A multiple regression model emerged, in which changes in VAS values during the assumed follow-up period were most strongly dependent on BMS type and treatment (F value = 35.98, p < 0.0000, R = 0.76, R2 = 0.571, and adjusted R2 = 0.555). Model verification showed: significance of partial regression coefficients (p < 0.02), no collinearity between independent variables (tolerance for both variables 0.99, R2 = 0.006), scatter plot of residuals against predicted values as a uniform cloud, no autocorrelation of residuals (Durbin–Watson d-statistic= 1.89), normal distribution plot of residuals, and mean of outliers = 0.

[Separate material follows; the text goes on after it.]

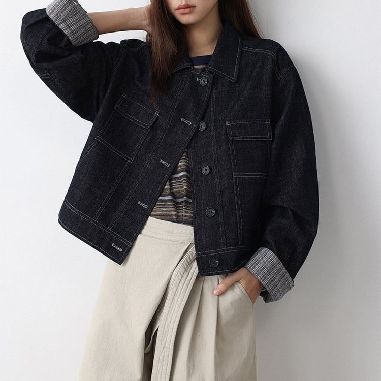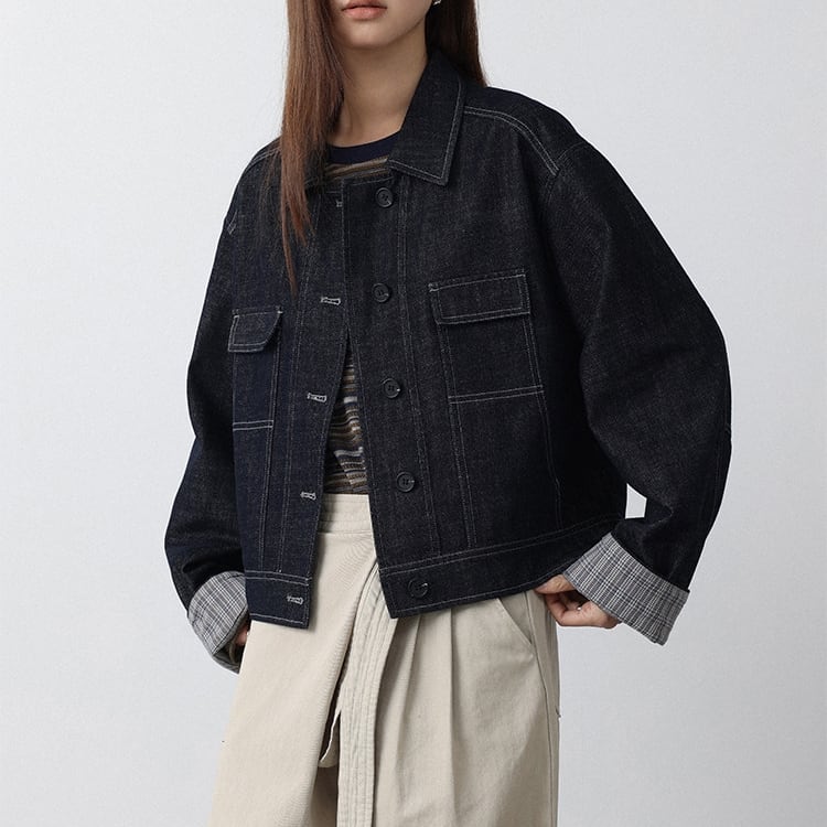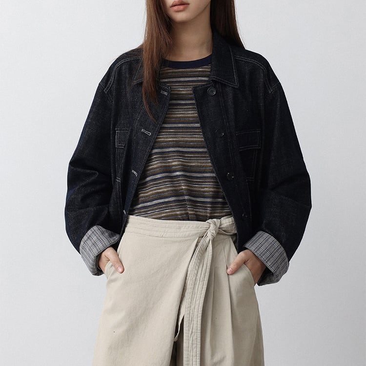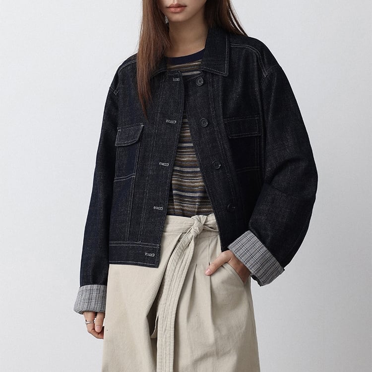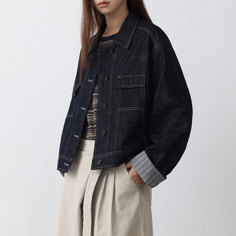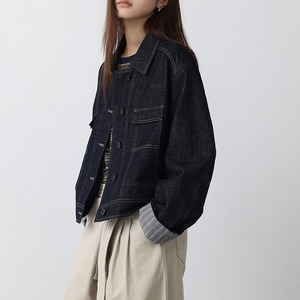 ゆとりのあるフォルムが魅力のショート丈デニムジャケット。
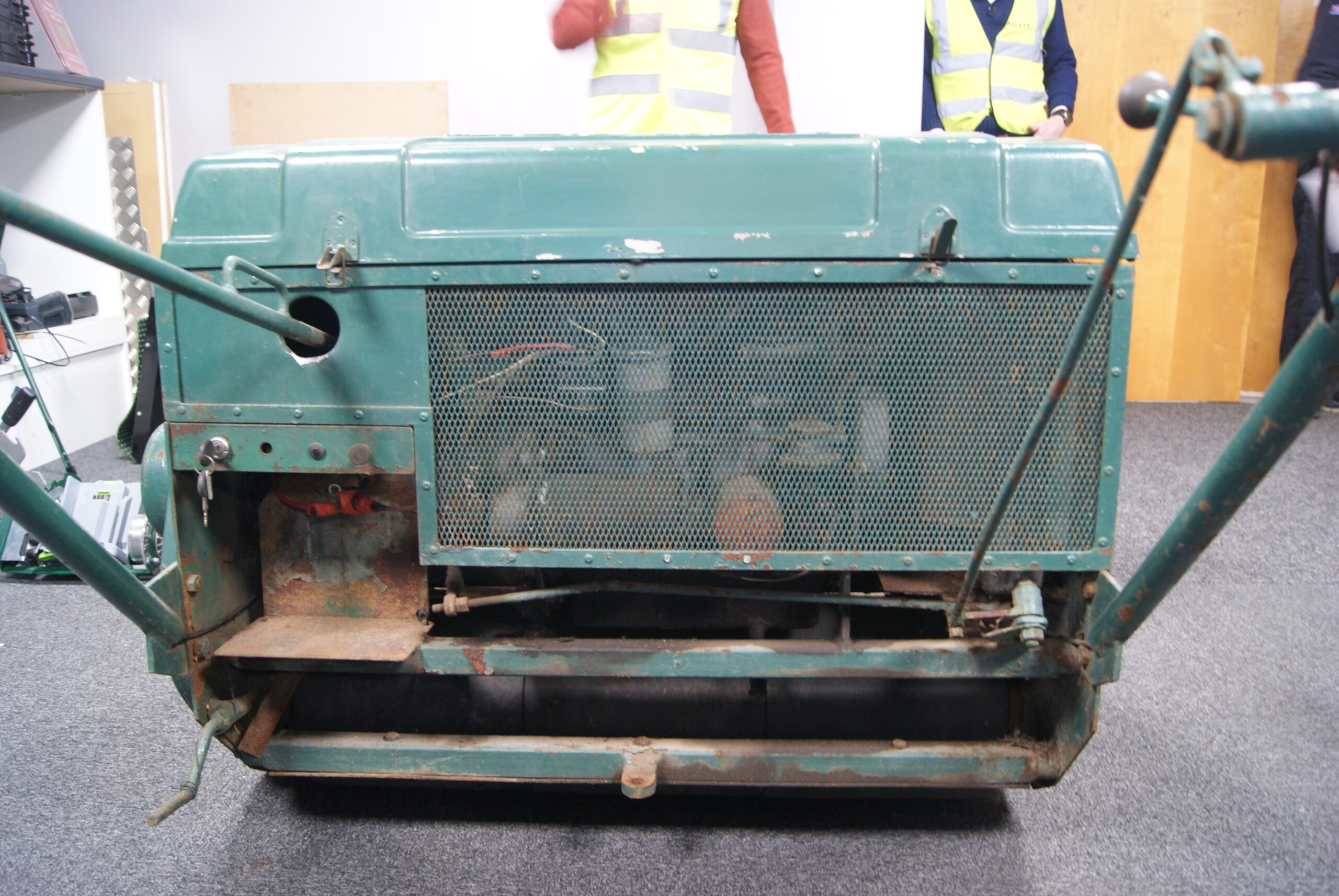 Here are some pictures that I took of the mower whilst it was still at the factory. For it’s age it is in remarkably good condition and definitely needs preserving rather than restoring. A certain amount of paint re-touching will be necessary and the skill will be in blending it in with the existing paint.

Emergent multiple regression model: change in VAS = 5.03 + 0.67 × BMS − 2.68 × treatment type ± 1.275.
4. Discussion
BMS is an ongoing multi-specialist challenge. The development of new pathophysiological concepts of BMS offers hope for more effective treatment. However, effective treatment of BMS involving complete remission of all clinical symptoms is still unattainable. Due to the undetermined aetiology of BMS, only symptomatic treatment is possible. The primary aim of the study was to compare the efficacy of two topical treatments for BMS: clonazepam and a tongue protector. The choice of clonazepam was dictated by its best-documented clinical efficacy in this disorder, while the evaluation of the tongue protector resulted from further clinical observations of this form of local treatment. The secondary aim of study considers the impact of the assessment of depression, sleep disorders, and personality types on the clinical symptoms of BMS and quality of life status of patients.
The entire 57-patient group with BMS observed in this study did not differ, with respect to the age and prevalence of taste disorders and xerostomia, as well as the distribution of clinical types of BMS, according to Lamey et al., from the classical description of these clinical changes [3,5,31,36]. However, there is a clear over-representation of males, in relation to the general population with BMS, in which it generally does not exceed 20% [1]. This may be due to the inclusion of individuals with formerly primary BMS, whereas many of the aetiological conditions of previous BMS-related studies were associated specifically with the female sex, e.g., type 2 diabetes, hypothyroidism, anaemias, collagenosis, or chronic oral mucosa mycosis. The over-representation of the male sex in the self-reported study is probably related to the very high percentage of active nicotine users, reaching 49.1%. It is also noticeable that the mean value of pain/burning sensation experienced by our patients was slightly higher than 6 on VAS, whereas, in other prospective studies, it ranged between 3.1 and 5.1 on 10-point scales [5]. This difference may also be a consequence of studying patients with the currently defined BMS only, in which neuropathic pain of peripheral or central origin is arguably more intense than the pain from comorbidities in previous studies and requires the most effective treatment.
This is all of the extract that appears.